When Governance Becomes Maintenance
In 2026, governance across much of the Global South is no longer oriented toward transformation, but toward persistence under constraint. Three point three billion people live in countries where debt service consumes more public spending than health or education. This represents half of humanity. This is not crisis governance. This is maintenance governance. States endure shocks they cannot prevent, repair systems they cannot modernize, and manage expectations they cannot meet.
From Reform to Survival
The shift from reform ambitions to survival imperatives did not announce itself with policy declarations. It emerged through accumulated decisions. Infrastructure projects were deferred. Civil service hiring was frozen. Capital budgets were converted to recurrent spending. Successive shocks compressed the space for strategic choice. COVID-19, inflation surges, climate disasters, and geopolitical fragmentation combined until persistence became policy.

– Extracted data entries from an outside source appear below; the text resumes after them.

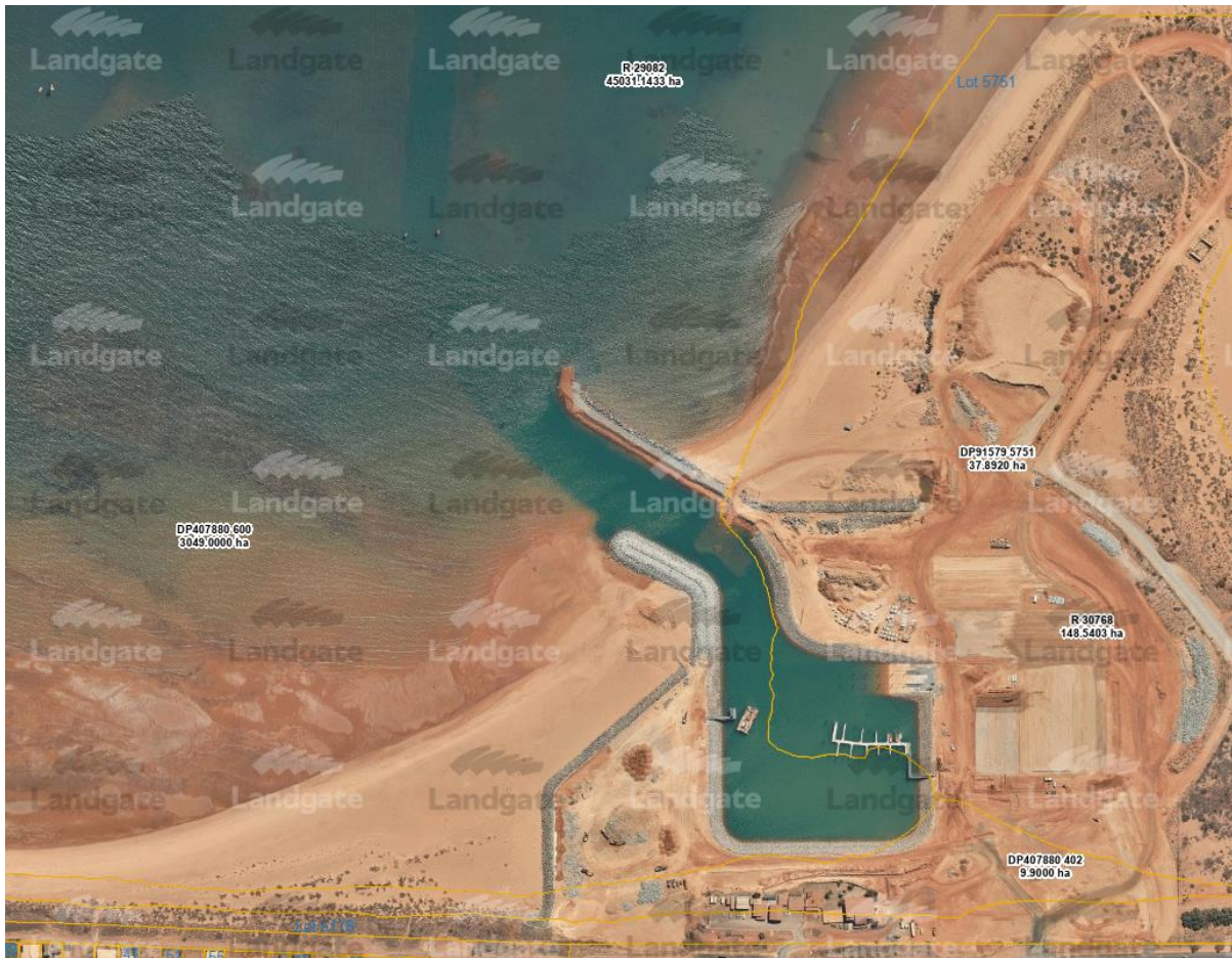
Map showing existing historical land boundaries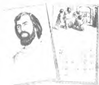
1977 Scripture Text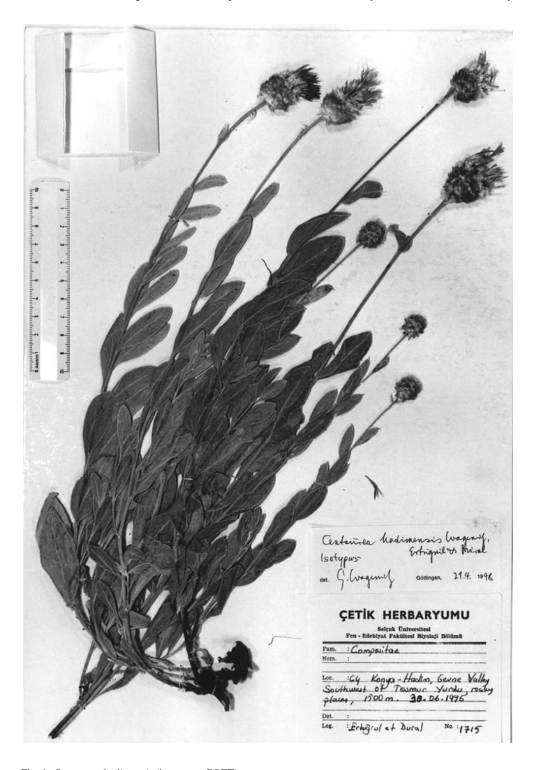
Fig. 1. Centaurea hadimensis (isotype at GOET).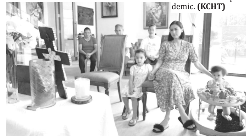
Marian instills in her family and kasambahay the importance of praying together and to have faith in God which her nanay taught her.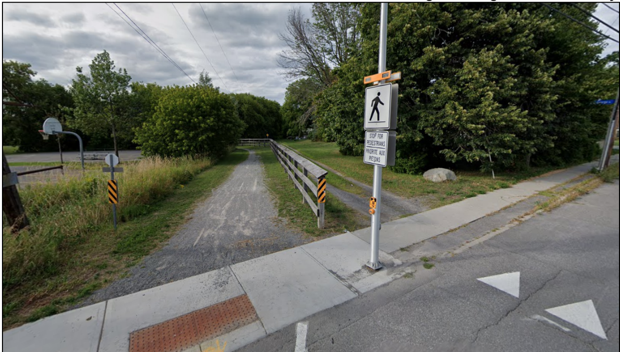
Figure 5. Osgoode Link Pathway

West: Immediately west of the Subject Property is the Osgoode Link Pathway. Further west is a residential subdivision and agricultural lands.

Kenya illustrates the political economy. In 2024, mass protests erupted after the government proposed tax increases to address spiraling debt. Interest payments consumed over 60% of government revenues. The proposed fiscal measures triggered widespread anger, particularly among youth and urban workers. This pattern repeats: governments must choose between servicing creditors and maintaining public legitimacy.
Sri Lanka provides the extreme case. Following the 2022 collapse and IMF Extended Fund Facility agreement, the 2025 public health allocation accounts for just 1.5% of GDP. This is five times smaller than debt service. Civil society estimates 6.3 million people skip meals. Even the September 2024 election of President Anura Kumara Dissanayake with a historic mandate changed little. The new administration operates within constraints imposed by the IMF and previous commitments.
Fiscal Space as the Binding Constraint
Debt servicing increasingly crowds out capital investment, compressing long-term reform capacity. This is not merely a budgetary challenge; it represents a structural transformation in what governance can attempt.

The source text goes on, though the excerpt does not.